In this example, there are 5 chlorine (Cl2) molecules and 6 Na atoms. The equation states that two Na atoms would react with one chlorine molecule. Thus, only three molecules of chlorine is needed for 6 Na atoms. The rest of the chlorine molecules are in excess and will remain unreacted.

Example: 50.0g of Na reacts with 53.5g of Cl2. Which one is in excess and by how many grams?

Step 1: Write a balanced equation.

2Na + 1Cl₂ -->2NaCl

Step 2: Convert each reactant to the product. The one who produces the smaller amount of product will be the actual amount produced.

50.0g Na x 1mol Na/23.0g Na x 2mol NaCl/2mol Na x 58.5g NaCl/1mol NaCl

= 127.17g NaCl

53.5g Cl₂  x 1mol  Cl₂/71.0g Cl₂ x 2mol NaCl/1mol Cl₂ x 58.5g NaCl/1mol NaCl

= 88.16g NaCl <---- the actual product

(Cl2 is limited reactant because it limits the product produced)

Step 3: Convert the limiting reactant to the excess reactant to find out how much of the excess would be sufficient to react with 53.5g of Cl2.

53.5g Cl₂  x 1mol  Cl₂/71.0g Cl₂ x 2mol Na/1mol Cl₂ x 23.0g Na/1mol Na

= 34.7g Na is needed in order to create the actual product

Step 4: Subtract the amount of the excess reactant that is reacted with (or needed) from the amount that it started with before the reaction has taken place to get the excess amount.

50.0g Na - 34.7g Na = 15.3g Na is in excess.

Think you got the hang of it? Here are some practice problems for you: (have fun *evil smile*)
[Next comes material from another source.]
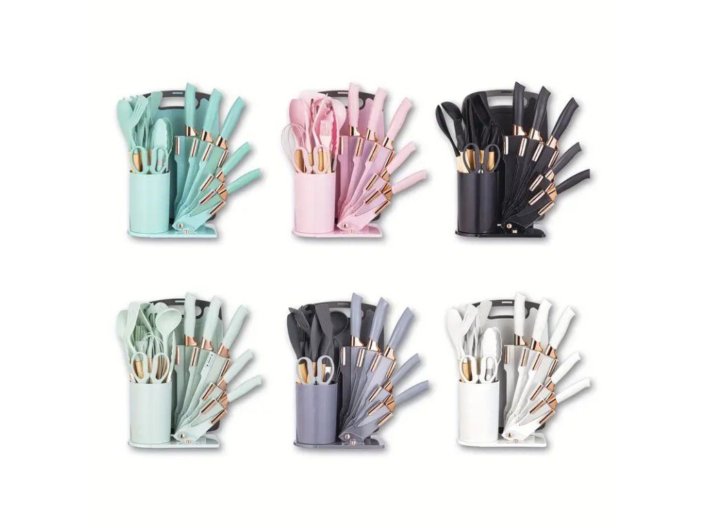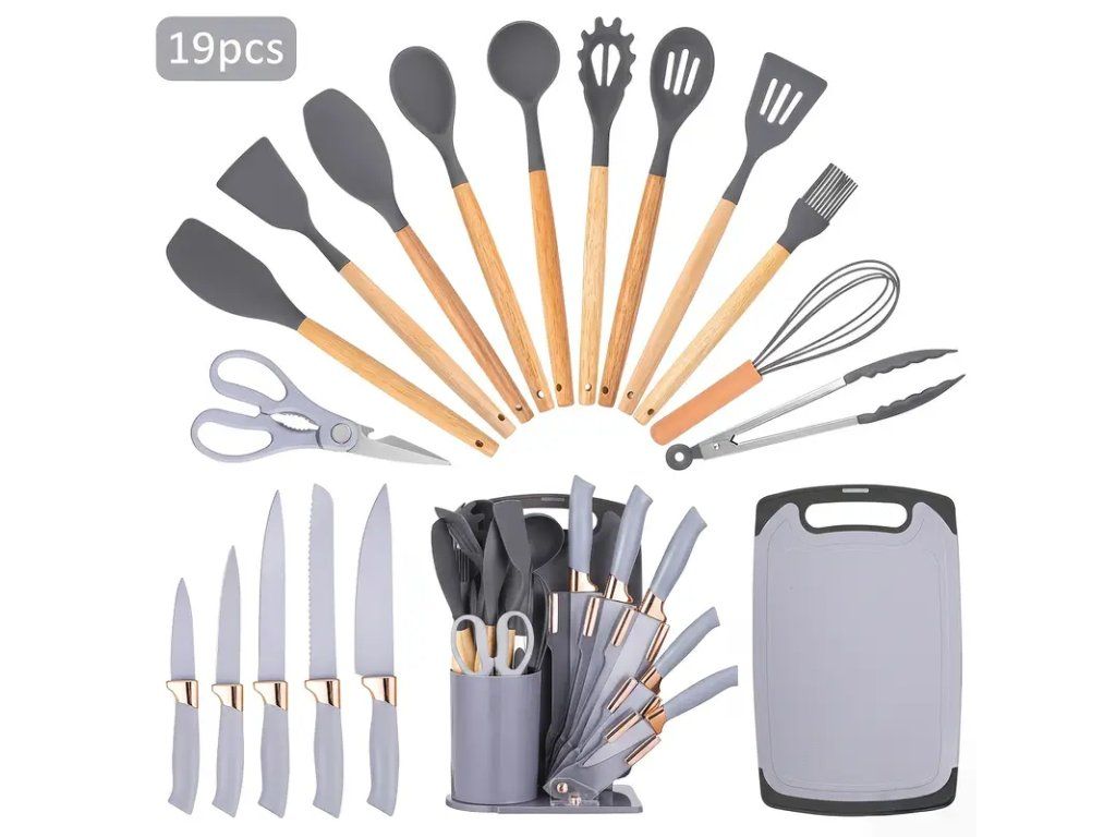 Kompletní 19dílná kuchyňská sada nožů a pomůcek navržena pro každodenní použití v domácí i profesionální kuchyni. Sada obsahuje univerzální kuchyňské nože s ergonomickými rukojeťmi, krájecí nůž, šéfkuchařský nůž, nůž na pečivo, nůž na zeleninu a menší nože na detailní práce. Součástí balení jsou také praktické pomůcky jako kuchyňské nůžky, loupák na zeleninu, řezací prkénko, ocílka pro udržení ostří a další nezbytnosti, které usnadní přípravu jídel. Nože jsou vyrobeny z kvalitní nerezové oceli odolné proti korozi a zachovávající ostrý řez. Ergonomické rukojeti zajišťují pevný a pohodlný úchop i při delším používání, minimalizují únavu ruky a zvyšují přesnost krájení. Ocílka pomáhá udržet optimální ostrost čepelí a prodlužuje jejich životnost. Sada je ideální pro domácí kuchaře i začínající profesionály, nabízí široké spektrum nástrojů pro krájení, sekání, loupání a přípravu surovin. Díky kompaktnímu balení a přehlednému uspořádání je snadné udržovat pořádek v kuchyni a mít všechny nástroje po ruce. Důraz na kvalitu zpracování a funkčnost zaručuje dlouhodobou spokojenost uživatelů. Doporučujeme pravidelnou údržbu – mytí ručně a občasné naostření – pro zachování nejlepších vlastností nožů. S touto 19dílnou sadou získáte spolehlivého partnera pro každodenní vaření a pečení.Buďte první, kdo napíše příspěvek k této položce.

1) How many grams of CaCl2 will be formed when 24.3g of Ca reacts wieh 32.6g of Cl2? Which is the limiting and excess, by how much?
2) Given the balnced equation: Pb + F --> PbF2. How many grams of lead(II) flouride will be produced? Which is in excess and by how much?
3) If 20g of Beryllium is reacted with 35g of Sodium Oxide...
  a) Write the balanced equation.
  b) How much beryllium oxide can be formed?
  c) What is the limiting reactant.

STOICHIOMETRY

STOICHIOMETRY!!!! 

(Like seriously, I could not pronounce this word at the beginning...)



Anywayyyyy WHAT does this weird word actaully mean???
Well, we all know that "metry"means measurement right?? (if not, well now you know)
And "stoichio" means element in Greek! 
So PUT IT ALL TOGETHER, you get....the measurments of elements!!!! That's what Stoichiometry means. :)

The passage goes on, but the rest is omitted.